Краснеют облака, застывшие над снежными вершинами, алеют и далекие ледники, потом они светлеют, становятся золотистыми. Солнечные лучи освещают вершины ближайших холмов. Наконец появляется солнце. Пробуждаются воробьи и с веселым чириканьем принимаются за свои дела. Их особенно много на снегу возле побуревших сорняков. В то время, когда одни птицы склевывают семена на растениях, другие подбирают упавшие на снег. Меняются ли местами воробьи — истребители сорняков или разделились на лущильщиков и подбиральщиков — не знаю. Как бы то ни было, урожай трав собирается экономно и без потерь. К нашей стайке примкнул один городской воробьишка.
Долго вглядывался в воробьев, разбирался, чем они отличаются от обитающих в городе. Городские воробьи черные от сажи и копоти, а здешние чистые, серенькие. Такие же грязные, наверное, и легкие горожан. Веселые стайки птиц истребляют массу семян сорных трав, и этим приносят пользу земледельцу. Только об этом мало кто знает.
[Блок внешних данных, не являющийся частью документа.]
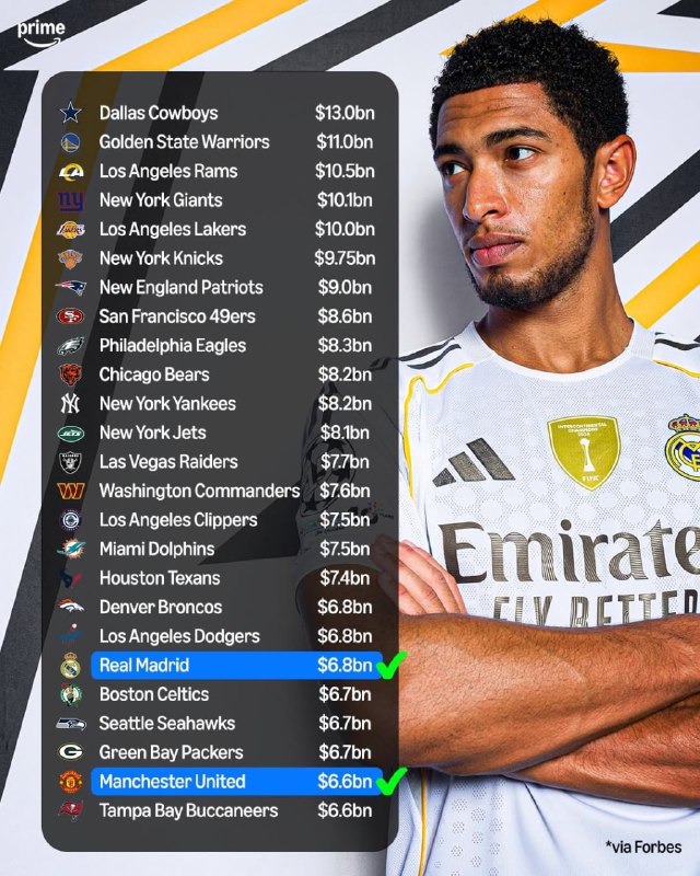 💰🔝در پایان سال 2025 نشریه فوربس لیست ارزشمندترین تیمهای ورزشی جهان را اعلام کرد که دالاس کابویز از NFL با ارزش 13 میلیارد دلاری ارزشمندترین باشگاه ورزشی جهان
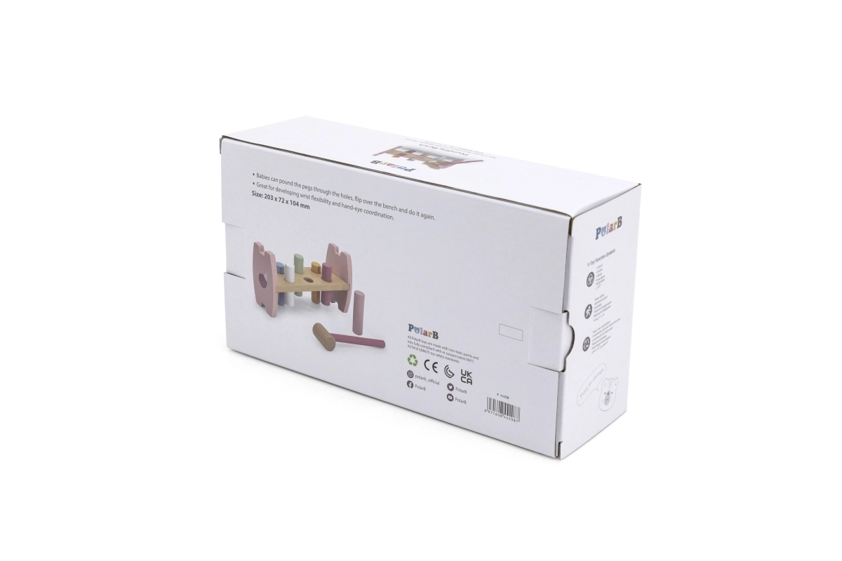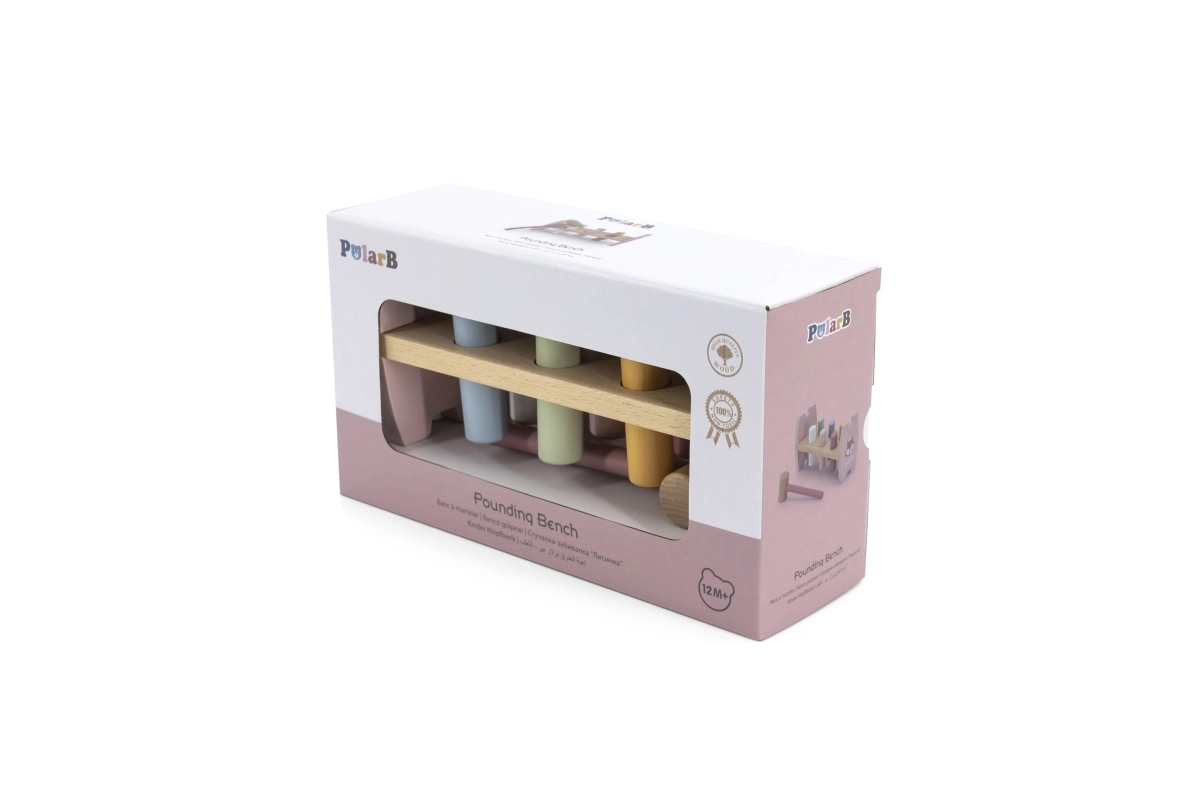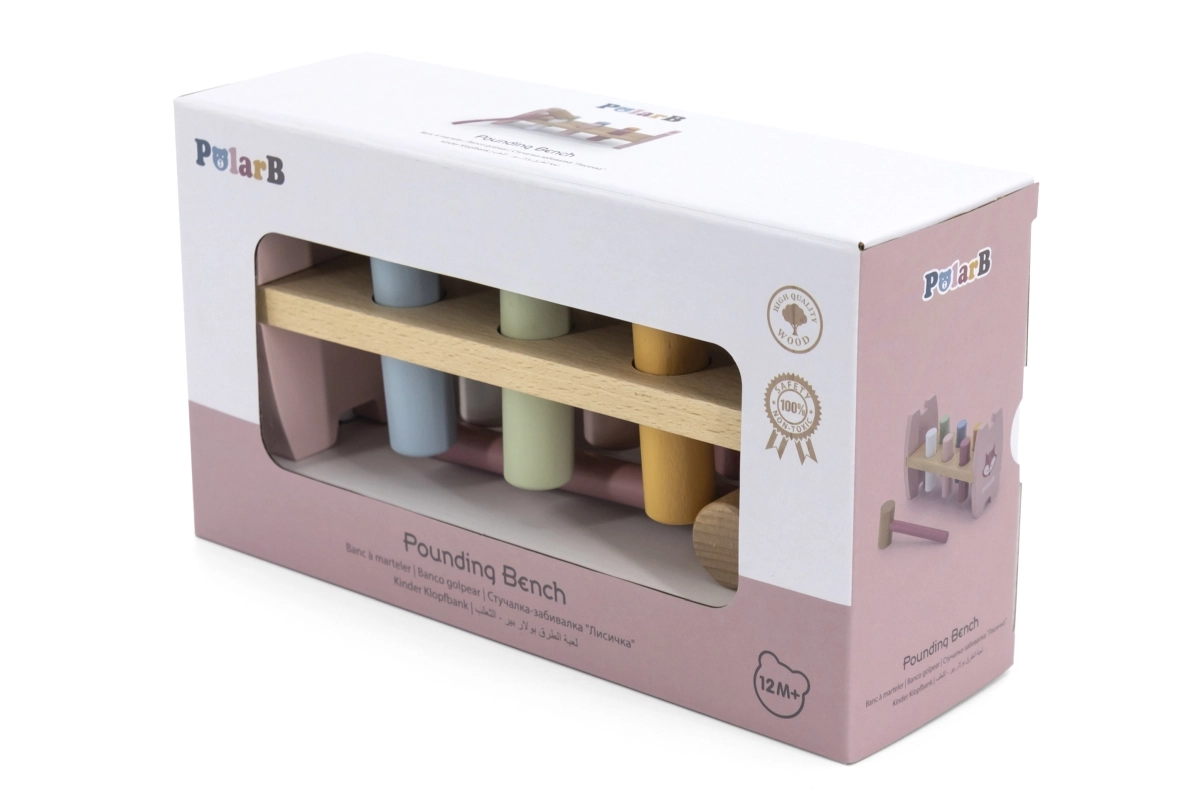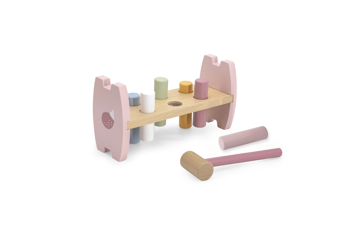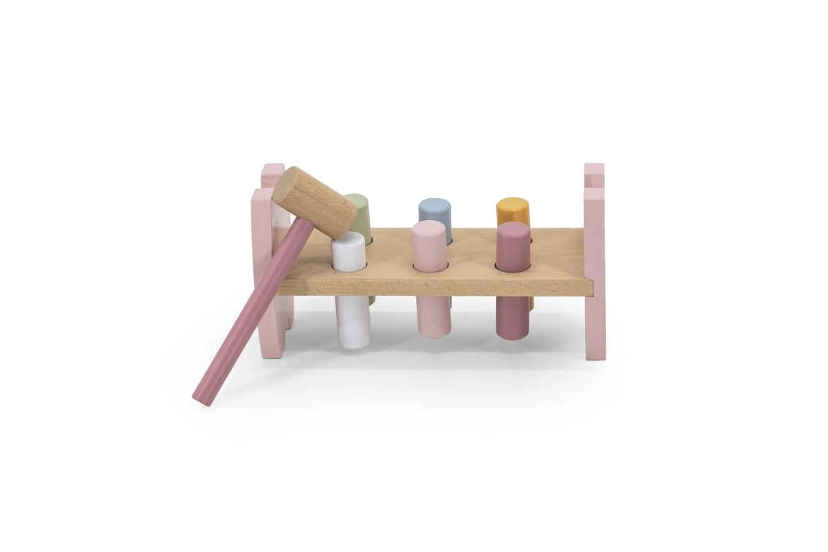 VIGA puidust toksimispink rõõmustab iga last. Pastelsete värvide ja kergesti haaratava haamriga motiveerib see mängule ning arendab ühtaegu liigutuste täpsust, osavust ja värvide eristamise oskust, mis tulevikus lihtsustab kirjutama õppimist.

Глубокий снег и морозы усложнили кошачью жизнь. Мыши путешествуют под снегом, там и безопасней, и теплей.
Неожиданно потеплело. В тени четырнадцать. Ожили мухи, выползли из щелок, уселись на солнце, греются, чистят ножками тело. Одна, заметная, запачкала грудку чем-то белым, наверное, известкой. Долго ей придется чиститься. Оживились зимние насекомые. Над снегом всюду мелькают мелкие черные мушки и комарики. Притронулся к одной мушке, и она, как блоха, подскочила в воздух, расправила крылья и умчалась. Но большинство насекомых замерло под снегом, в щелочках, трещинках, во льду: до них тепло не доходит. А другие, хоть и в тепле, не желают пробуждаться, не полагается, еще будут снега, и будут морозы.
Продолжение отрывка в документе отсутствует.